Я без халата через три ступеньки влетел на этаж в палату. Мамина кровать пуста. Я остановился в растерянности. Соседи мамины по палате, любившие маму и знавшие меня, смотрят сочувственно.
– Недавно. Все утро ждала: скоро Алешенька придет, а потом легла, повернулась к стенке и вроде задремала. Приходит сестра укол ей делать, окликает, а она молчит, за плечо ее тронула. «Спит крепко», – говорим сестре. Та ее за руку, а пульса нет. Побежала за доктором, приходят, слушают сердце, а оно молчит – скончалась тихо, заснувши. А все утро ждала вас: «Сейчас придет!»
Значит, вчера был наш последний день, последний разговор, и сколько было всего сказано и завещано, словно знала, словно чувствовала. Хотела, чтобы я был рядом в последнюю ее минуту, опоздал на малость какую-то. Вот и мамы не стало, а было ей всего сорок семь лет. Вся жизнь ее, которую я знал, которую видел и чувствовал, в которой я приносил ей так много: в детстве – радости, в Муроме – страданий, в Москве – волнений, – была наполнена святой верой, мужеством и тайными подвигами во имя добра и спасения многих и служению потаенной Церкви, не щадя себя и не думая о себе. На Преображение Господне мы – я, Леночка и тетя Оля – хоронили ее на Немецком кладбище рядом с Ольгой Петровной, Коленькиной мамой. Она лежала в простом гробу, без цветов, вся в черном, спокойная и твердая, умиротворенная и несгибаемая, держа в руках свой постригальный крест, крест терпенья, крест мужества, крест страданий, который достойно пронесла она на всем пути ее жизненной Голгофы. «Святый Боже, Святый Крепкий, Святый Безсмертный, помилуй нас», – пели мы, когда мамочку опускали в могилу, не на вечный покой, а до всеобщего Воскресения. Для меня осталось неразгаданной тайной, о которой я даже не хочу думать, чтобы не оклеветать ее смерть, было ли это исполнением угрозы, сказанной мне в сквере, или Бог взял ее душу, достаточно очищенную страданиями, выпавшими на ее долю в жизни.

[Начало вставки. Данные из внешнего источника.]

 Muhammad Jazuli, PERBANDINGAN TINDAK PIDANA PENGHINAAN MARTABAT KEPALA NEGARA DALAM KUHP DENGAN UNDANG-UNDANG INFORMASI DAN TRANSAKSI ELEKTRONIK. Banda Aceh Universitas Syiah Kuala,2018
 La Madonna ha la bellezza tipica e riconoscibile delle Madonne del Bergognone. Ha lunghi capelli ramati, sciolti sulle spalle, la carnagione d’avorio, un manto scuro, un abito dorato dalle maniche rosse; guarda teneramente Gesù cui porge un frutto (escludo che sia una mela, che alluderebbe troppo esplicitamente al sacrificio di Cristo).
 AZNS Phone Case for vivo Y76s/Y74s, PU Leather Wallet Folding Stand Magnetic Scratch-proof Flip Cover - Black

Утром, когда я на Яковлевском собирался уходить в морг за маминым телом, послышались шаги по скрипучей лестнице, и в дверь, всегда открытую, вошел Юша.

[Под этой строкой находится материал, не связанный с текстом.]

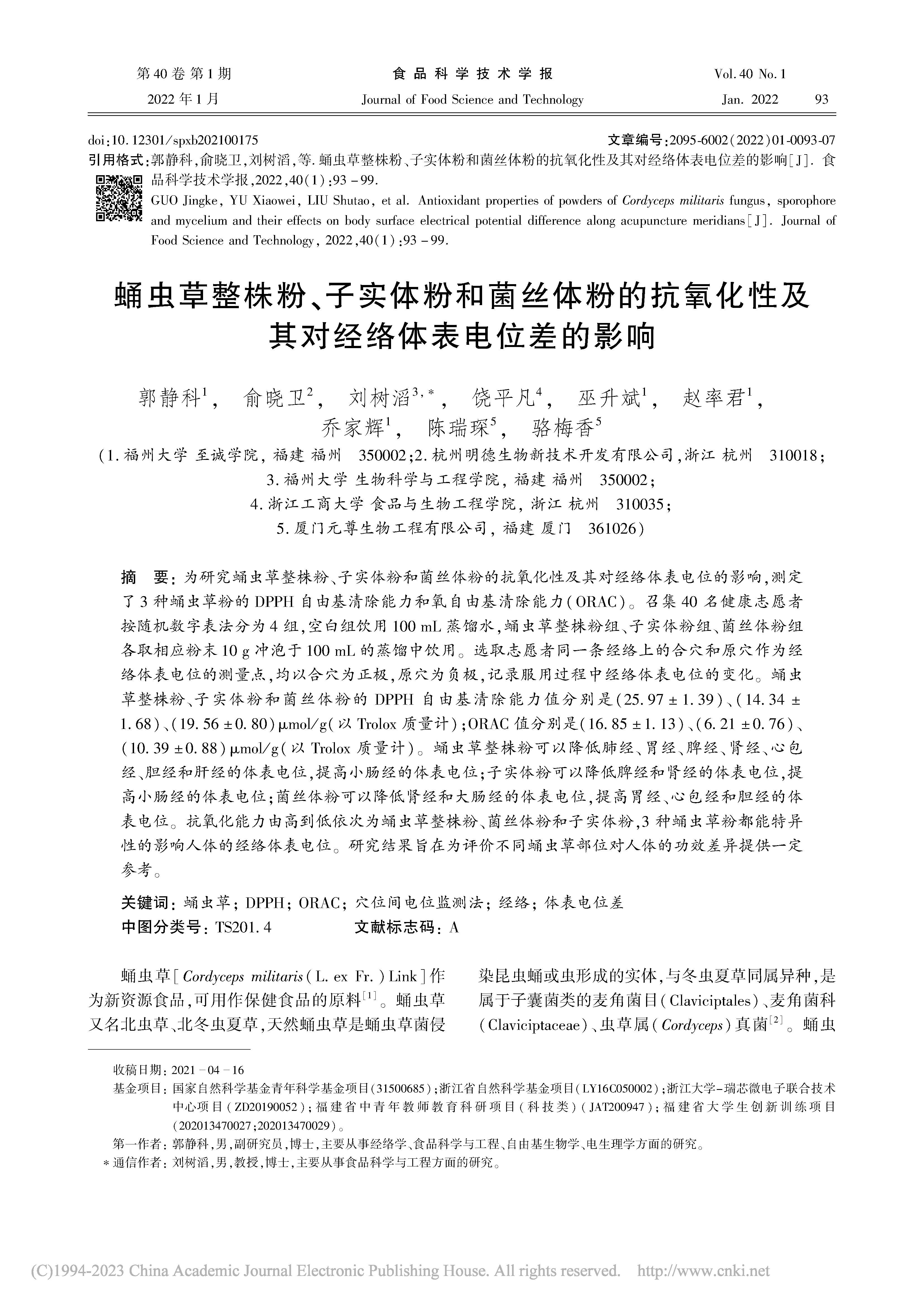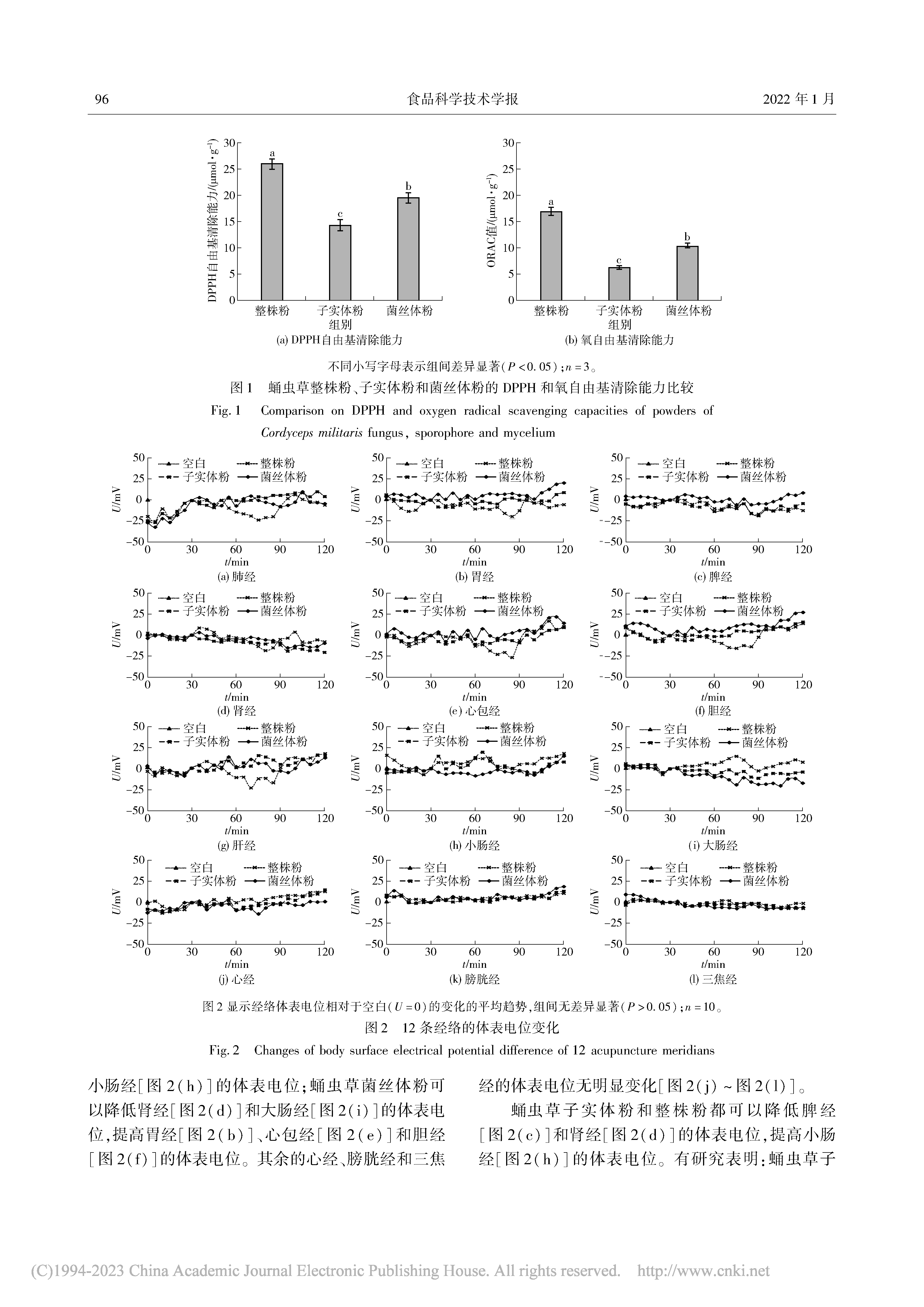 12、《蛹虫草整株粉、子实体粉和菌...及其对经络体表电位差的影响》

– Соболезную, очень соболезную, – сказал он.
К моему теперешнему сожалению, я ударил его по роже, и очень крепко, повернул его за плечи и крикнул: «Вон, вон пошел!» С тех пор он исчез до 1946 года, в котором следователь на первых же допросах достал толстую папку и стал из нее зачитывать мне все мои разговоры с этим их сексотом. Но об этом после, когда придет время мне сесть, и надолго.
Тогда я порадовался, что мамочка вовремя ушла в мир, в котором нет «ни печалей, ни воздыханий, а жизнь бесконечная»[89]
. Туда, в тот мир давно ушел и Юша, которому я все давно простил, а пишу о нем не ради зла или мести, а ради правды описываемых мною событий. Не вмени ему, Господи, греха сего[90]. Слаб человек. А таких, как он, «из бывших», трусливых и слабых, ГБ ловило и использовало.